An Apple software engineer recently revealed that Apple is now rolling out its use of differential privacy to cover both web browsing and health data, as it now uses the technique to process millions of pieces of daily information from device users.
Differential privacy has so far flown largely under the radar, so we thought it would be a good time to look at what it does and how it works – and to ask how comfortable you feel about its wider use by Apple …
Prior to the development of the technique, tech companies with access to large volumes of data faced a fundamental dilemma. If you collect and analyse that data, it can be of tremendous value in helping you understand what your customers do and what they want – and allow you to provide a better service as a result. If you take data analysis right down to the level of individual users, you can offer a highly personalized service – but at a potential cost to their privacy.

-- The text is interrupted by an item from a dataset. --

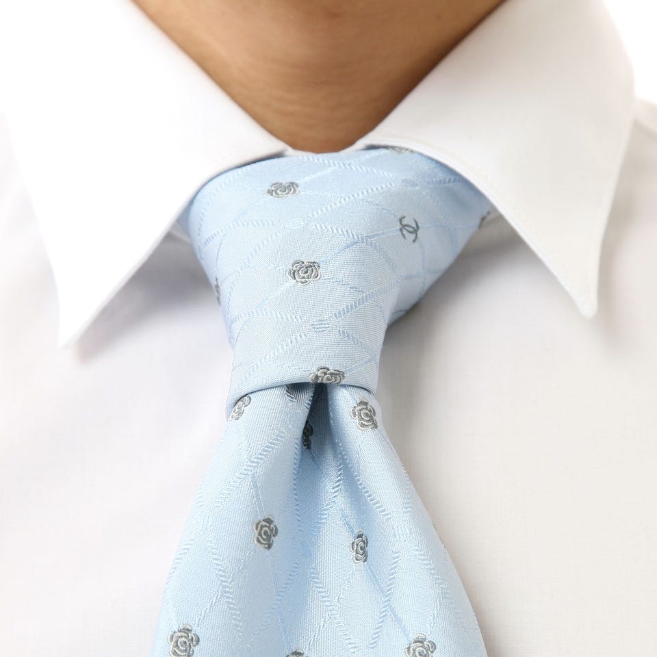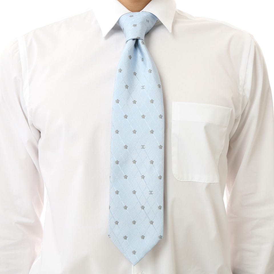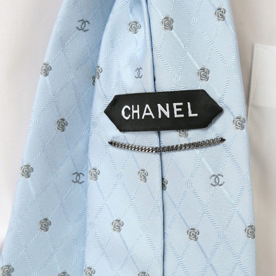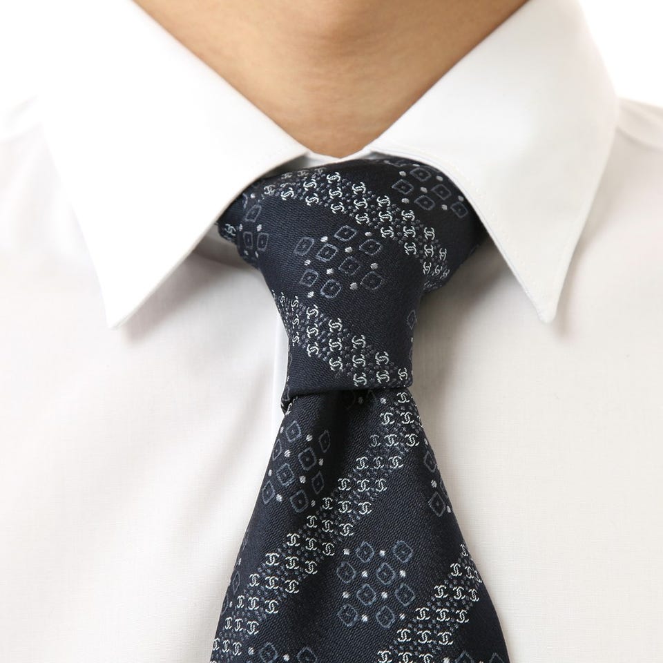 ちょっぴり個性的な「CHANEL」のネクタイ。スーツスタイルを引き締めるアクセントとして活躍してくれます。シルク素材なので、襟元にしなやかにフィットします。
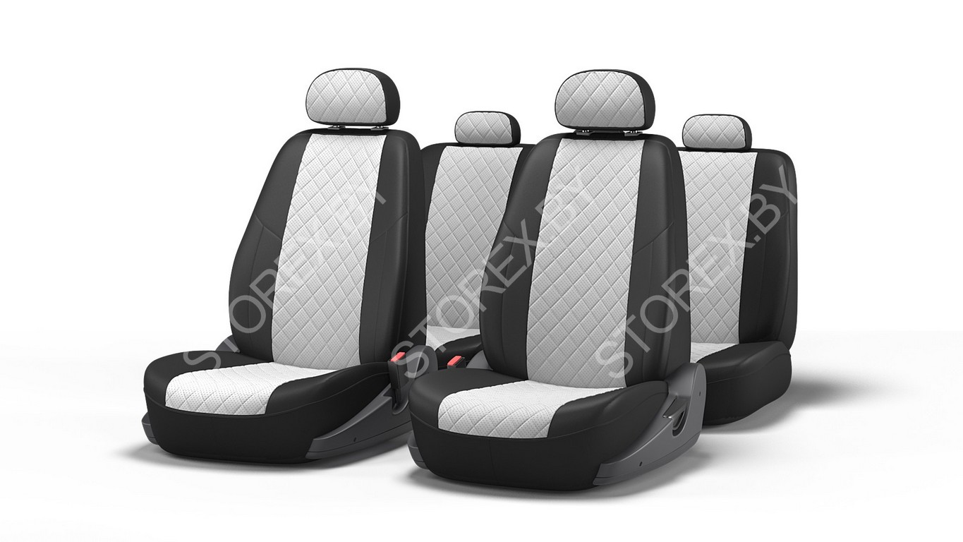 - Тыльные и боковые части чехлов сделаны из гладкой экокожи, а центральная часть из перфорированной экокожи.

This is the approach that Google has taken, and is why it is some way ahead of Apple when it comes to things like identifying travel plans from emailed etickets and proactively letting you know when it’s time to leave for the airport.
If, on the other hand, you decide that user privacy is more important than data-mining, then your customers will feel comforted by the fact that you’re not mining all their data – but the downside may be less intelligent services.
This is the approach that Apple has historically taken.
What is differential privacy?
Differential privacy is a potential solution to this dilemma. It’s a method of collecting and analyzing large volumes of data from individuals, but processing it in a way that ensures that nothing can be tied back to any one individual. You can’t use it to deliver fully-personalized services the way Google does, but you can use aggregated learning to deliver an all-round better service to your customers.
The WSJ gave an example of how the technique could be used in a survey about illegal drug use. If you anonymously ask 100 people whether they use marijuana, and you also ask them a bunch of other questions, then there’s the risk that a combination of answers could identify individuals.
For example, if you also asked those people what color car they drive, then there may be only one person in that survey who drives a blue car. If someone answered yes to smoking marijuana and also said that their car is blue, then we can work out who they are even though the data is theoretically anonymous.
Real-life examples would obviously be more complex – involving millions of people and many more than two data items – but the same principle applies. For example, Netflix uses anonymous IDs to log our TV and movie preferences, but an analysis by the University of Texas showed that having just a little bit of knowledge about an individual can allow us to de-anonymize the data.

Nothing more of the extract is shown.